### Assignment:
Would you return exactly the lines below from the line with "Im gesamten Raum" through the line with "on the move.", both included, and nothing else, leaving out the pictures?

*** Opening Supplied material ***

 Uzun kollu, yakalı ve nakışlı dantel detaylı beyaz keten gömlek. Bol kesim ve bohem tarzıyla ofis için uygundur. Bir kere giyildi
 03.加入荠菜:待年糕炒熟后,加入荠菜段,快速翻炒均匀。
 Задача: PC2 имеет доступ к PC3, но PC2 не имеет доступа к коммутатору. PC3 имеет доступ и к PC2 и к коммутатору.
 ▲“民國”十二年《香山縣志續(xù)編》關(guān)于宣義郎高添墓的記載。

*** Closing Supplied material ***
*** Opening Supplied material ***

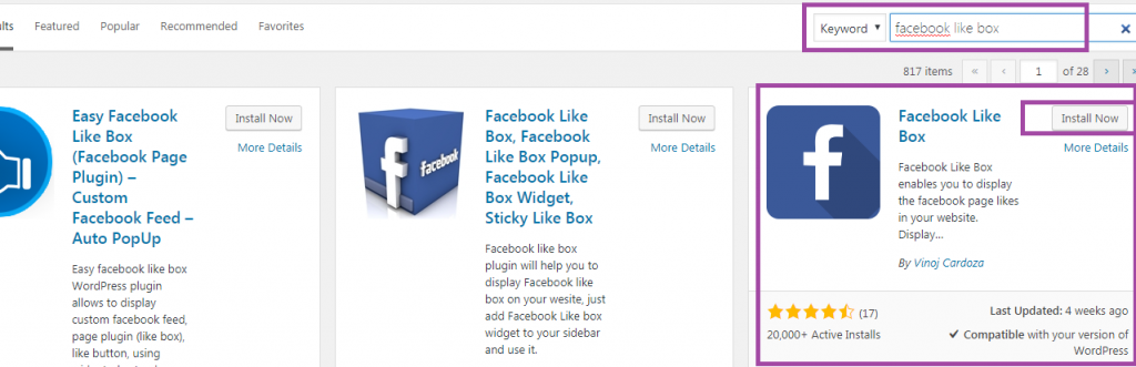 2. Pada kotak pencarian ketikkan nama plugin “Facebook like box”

*** Closing Supplied material ***
*** Opening Supplied material ***

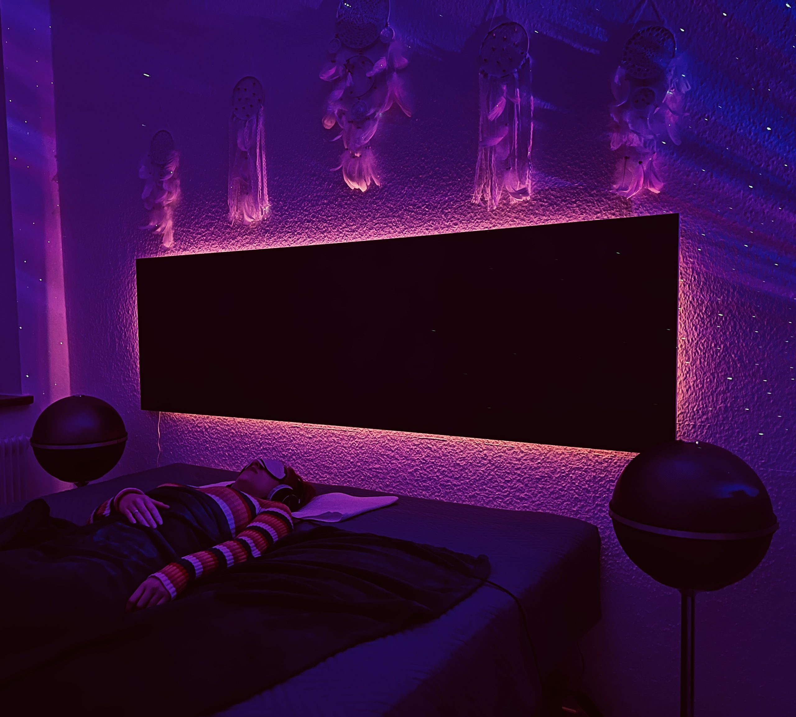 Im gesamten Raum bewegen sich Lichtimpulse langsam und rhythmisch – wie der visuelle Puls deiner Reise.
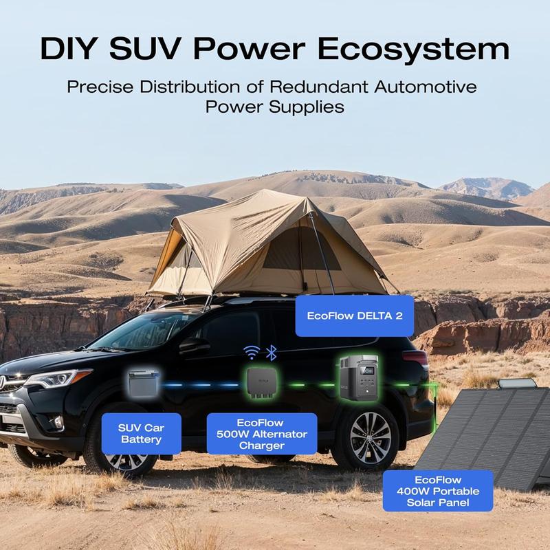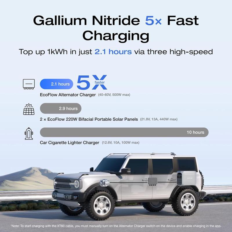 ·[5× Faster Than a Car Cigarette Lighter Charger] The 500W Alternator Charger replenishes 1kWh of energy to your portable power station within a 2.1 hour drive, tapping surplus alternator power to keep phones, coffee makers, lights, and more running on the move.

*** Closing Supplied material ***

### Completed exercise:
 Im gesamten Raum bewegen sich Lichtimpulse langsam und rhythmisch – wie der visuelle Puls deiner Reise.
 ·[5× Faster Than a Car Cigarette Lighter Charger] The 500W Alternator Charger replenishes 1kWh of energy to your portable power station within a 2.1 hour drive, tapping surplus alternator power to keep phones, coffee makers, lights, and more running on the move.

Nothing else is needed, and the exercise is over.